= Lanark—Carleton (provincial electoral district) =

Lanark—Carleton was a provincial electoral district (or riding) in Ontario. It existed for the 1999 and 2003 Ontario general elections.

The riding was created when Ontario's electoral districts were re-drawn to match its federal counterparts. It was created out of parts of Carleton and Lanark-Renfrew. It was abolished into Carleton—Mississippi Mills, Lanark—Frontenac—Lennox and Addington and a small piece going to Ottawa West—Nepean.

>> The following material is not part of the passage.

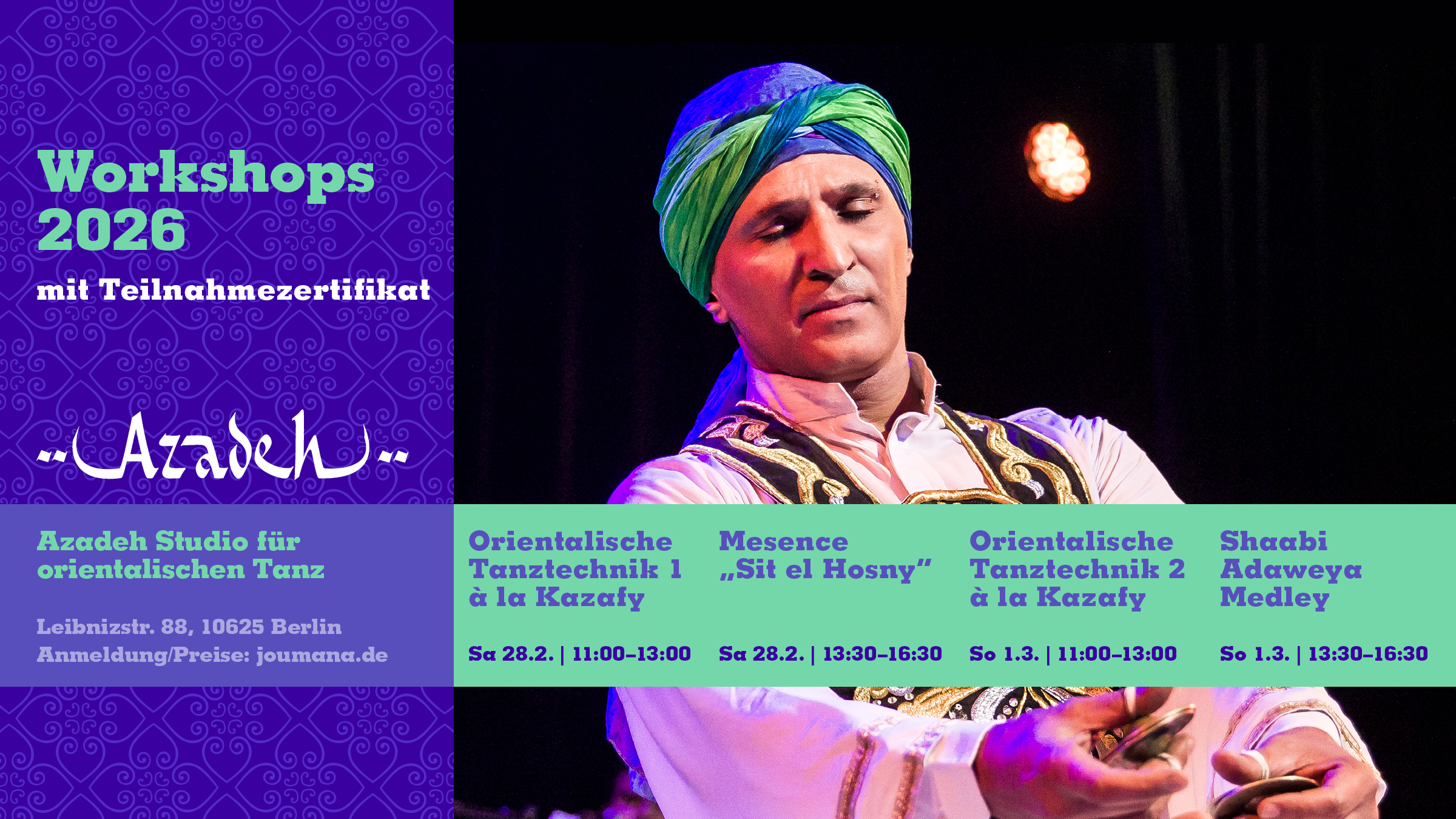 2026-01-12Workshop with Kazzafy 28. Feb. & 1. MärzSat, Feb. 28, 11:00 AM - 1:00 PM: Oriental Dance Technique 1: 45,- / 50,- € *

The riding consisted of Lanark County and the municipalities of West Carleton and Kanata, which were both amalgamated into Ottawa in 2001.

==Members of Provincial Parliament==

| Assembly | Years | Member |  | Party |
Lanark—Carleton
| 37th | 1999–2003 |  | Norm Sterling | Progressive Conservative |
| 38th | 2003–2007 |

==Election results==

1999 Ontario general election
| Party | Candidate | Votes | % |
|  | Progressive Conservative | Norm Sterling | 31,364 | 58.40 |
|  | Liberal | Dwight Eastman | 17,323 | 32.26 |
|  | New Democratic | Sheila Sansome | 2,713 | 5.05 |
|  | Family Coalition | Janne Jardine Campbell | 1,450 | 2.70 |
|  | Green | Stuart Langstaff | 681 | 1.27 |
|  | Natural Law | Angela Hea | 171 | 0.32 |
| Total valid votes |  |  | 53,702 | 99.23 |
| Total rejected, unmarked and declined ballots |  |  | 416 | 0.77 |
| Turnout |  |  | 54,118 | 58.12 |
| Eligible voters |  |  | 93,116 |
Source(s) "Data Exlorer". Elections Ontario. Retrieved 26 July 2023.

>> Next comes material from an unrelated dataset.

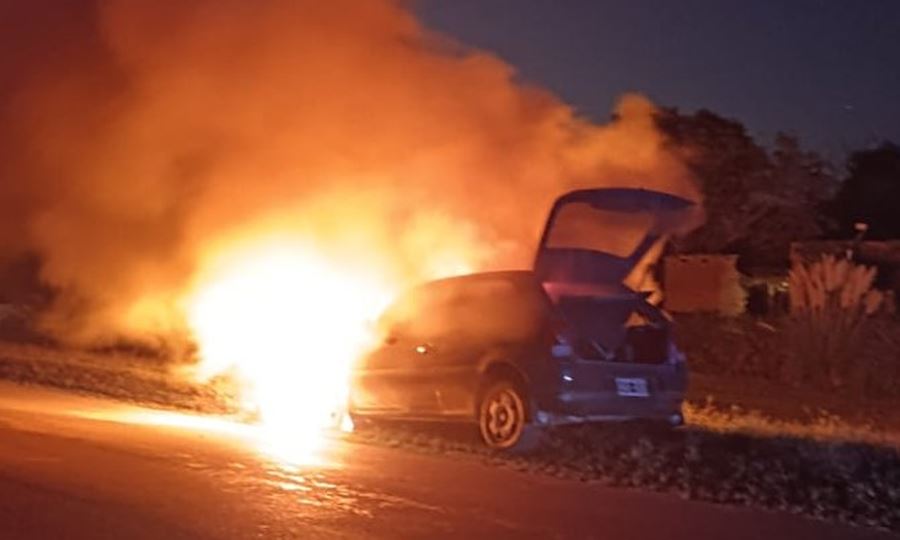 🔥 Auto incendiado en el acceso a Colonia Rosa

2003 Ontario general election
| Party | Candidate | Votes | % |
|  | Progressive Conservative | Norm Sterling | 29,641 | 48.99 | -9.41 |
|  | Liberal | Marianne Wilkinson | 23,466 | 38.79 | 6.53 |
|  | New Democratic | Jim Ronson | 3,554 | 5.87 | +0.82 |
|  | Green | John Baranyi | 2,564 | 4.24 | +2.97 |
|  | Family Coalition | Jim Gardiner | 1,275 | 2.11 | -0.59 |
| Total valid votes |  |  | 60,500 | 99.61 |
| Total rejected, unmarked and declined ballots |  |  | 238 | 0.39 | -0.38 |
| Turnout |  |  | 60,738 | 61.42 | +3.30 |
| Eligible voters |  |  | 98,892 |
|  | Progressive Conservative hold |  | Swing |  | -7.97 |
Source(s) "Data Exlorer". Elections Ontario. Retrieved 26 July 2023.